Recent trends of miniaturization of various small scale devices such as drones, smartphones, micro UAVs, laptops and computers etc. have motivated researchers to develop high energy density alternatives to traditional low energy density electrochemical Li-ion batteries.^1–6 Micro-combustion based systems are one of the promising options due to their inherent advantages of higher heat and mass transfer coefficients, energy densities, and shorter recharge times compared to existing batteries.^1–6 Furthermore, the energy density of hydrocarbon fuels is 20–50 times greater than that of advanced Li-ion batteries.^2–6 Micro-combustors also ensure lesser chemical emissions due to their lower operating temperature range.
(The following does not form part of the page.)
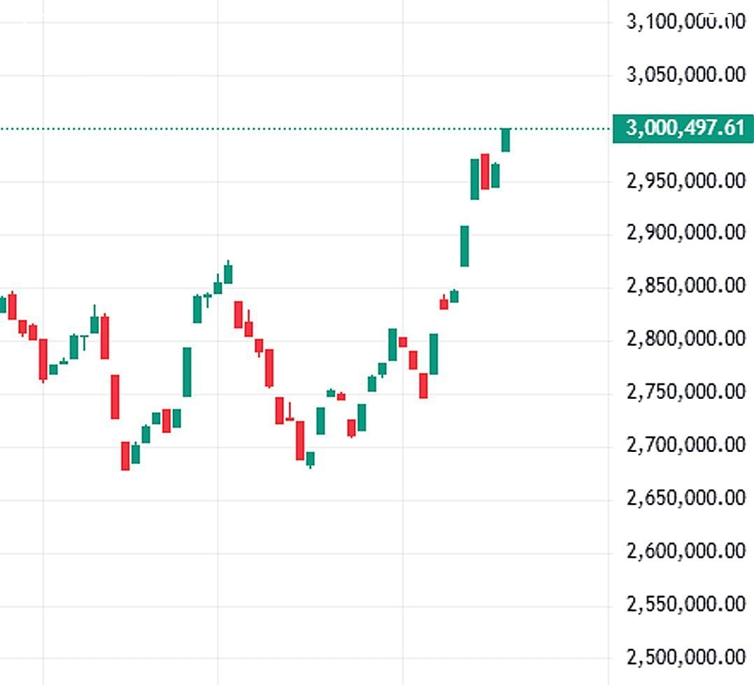 قلهی تاریخی بورس تهران؛ شاخص کل از مرز ۳ میلیون عبور کرد

A series of studies aimed at understanding flame propagation in microchannels are briefly summarized below. Numerical studies of Kim and Maruta⁷ report the effect of flow velocity profile, wall heat transfer and tube diameters on laminar flame propagation velocities, flame shapes and quenching characteristics. Lee et al.⁸ through their experimental studies have revealed the flame stability limits for methane–air and propane–air mixtures over a wide range of tube diameters and mixture temperatures. Maruta et al.⁹ have reported various stable and unstable flame propagation modes in externally preheated tubes. Kumar et al.³ and Fan et al.⁴ have observed that for a range of operating conditions, rotating flame patterns are formed in radial micro channels. Effect of inlet velocity, mixture equivalent ratio on wall heat losses, flame and wall temperatures were investigated by various researchers.^10,11 Jiang et al.¹² have proposed a new entropy generation rate perspective to analyze the effects of flow velocity, equivalence ratio and heat recuperation in their detailed chemistry premixed flame simulations for H₂–air mixtures. Flame stabilization experiments in diverging micro-channels by Kumar and coworkers^13–15 report the existence of various stable and partially stable flame propagation modes for a range of mixture equivalence ratios and inlet velocities. Various studies on flame propagation in closed tubes of various diameters have been reported in literature.^16–20 The formation of various flame propagation modes, flame evolution and acceleration has been attributed to Darrieus–Landau instability (D–L instability), Taylor instability, vortex motion and hydrodynamic effects of near field flow.^16–18,20

Suddenly diverging channels or stepped micro-combustors used in this study serve as an important configuration for design purpose of flame arresters and, safety in domestic and industrial combustion devices. Various investigations on flame stabilization in these multi-step micro combustors with premixed fuel–air mixtures have been reported in the recent literature.^21–24 They have reported the effect of length of various steps, diameter and material type on flame stability limits. A wire insertion method on a stepped microtube combustor was introduced and numerically investigated by Baigmohammadi et al.²⁵ to improve flame stabilization and combustion process and temperature distribution by activating certain chemical reactions which significantly affect the combustion initiation reaction. Numerical investigations of Gutkowski²⁶ report that the shape of the propagating flame just before a sudden contraction of a stepped tube is expected to govern quenching of the flame at the step. His investigations for a range of tube diameter ratios revealed that dimensions of larger tube determine the flame quenching when the smaller tube diameter is slightly greater than the quenching distance of a given fuel–air mixture. Liu et al.²⁷ introduced annular stepwise diverging tube (ASDT) method to supersede annular diverging tubes (ADT), to measure laminar-burning velocities of premixed flames. The ASDT helped enhance flow uniformity and to formulate flatter flames in majority of the experimental conditions. Liu and Kim²⁸ later introduced the assembled annular stepwise diverging tube (A-ASDT), which provided additional benefits with ease of burner adjustments and control of experimental resolutions.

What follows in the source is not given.